Following a discussion on proposed changes to the Gainesville High School dress and grooming code, many parents present expected the board to consider whether or not to make the school a closed campus.

The GISD Board of Trustees met Monday night in the GHS cafeteria.

In business, the Board voted 6-0 to “take no action” on a proposal to close the GHS campus for lunch breaks. Superintendent Charles Luke said there is no room in the cafeteria (as the audience could see) for 800-plus students to eat, even at different intervals.

Board President Lisa Bellows said voting to take no action is an unusual practice, but it was done so that there would be no doubt the board refused to consider the issue.

A report on the dress code discussion appeared in Tuesday’s Register.

In other business, GISD Business Manager Cindy Tatum presented the draft budget.

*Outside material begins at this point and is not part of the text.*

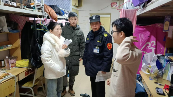 为进一步加强员工冬季防火安全意识,2024年12月17日上午9:00,博爱社区开展“筑牢安全防线 创建平安校园”系列消防安全活动,公司党总支书记黎飞、辅导员杨晓艳以及附院保卫处工作人员等开展了对博爱社区明德公寓的防火安全专项检查。

The document was prepared Friday and it increased from 19 million to 21 million.

Luke said much of the additional revenue comes from House Bill 1, which was intended to reform education finance in the state of Texas. A budget workshop is scheduled for Aug. 28.

The GISD is considering a $1.37 per $100 property valuation tax rate. He said that’s lower than the current rate of $1.50.

An analysis of the budget will appear in a future Register.

In other financial news, the price of breakfast and lunch at GISD schools would go up in 2006-07, by a nickel.

Bellows noted there has been no increase in the meal prices for at least the last five years.

In other business the Board voted 6-0 to:

• Approve the teacher evaluation calendar for 2006-07.

• Update and repeal several policies as requested by the Texas Association of School Boards.

• Grant the Cooke County Appraisal District’s request to use CCAD 2005 reserve funds to pay balance due for “pictometry” equipment.

In presentations, Dennis McNaughten, assistant superintendent, reviewed the school’s plan of “curriculum alignment” — i.e., arranging classroom learning objectives at various grades to line-up with upcoming grade levels.

McNaughten called the GISD’s structure a “traditional staircase model,” and noted that each grade builds upon the next. Curriculum alignment, he said, assures that students are prepared for the next grade in whatever grade they’re in currently.

In another presentation, Bill Brannum, architect for the new Gainesville High School project, reviewed the details of the new building. He said construction updates may be viewed on a special section of the district’s Web site.

Floor plans and exterior views of the proposed high school appeared in Sunday’s Register.

Brannum said the Board chose a site at the north end of the property, between FM 1306 and Interstate 35, directly underneath an existing power line. He said the location is ideal as samples have been taken of the soil, indicating a strong limestone foundation underneath and enough topsoil to build on with little groundwater.

The Board then met in executive session to evaluate Luke’s performance. No action was taken following executive session.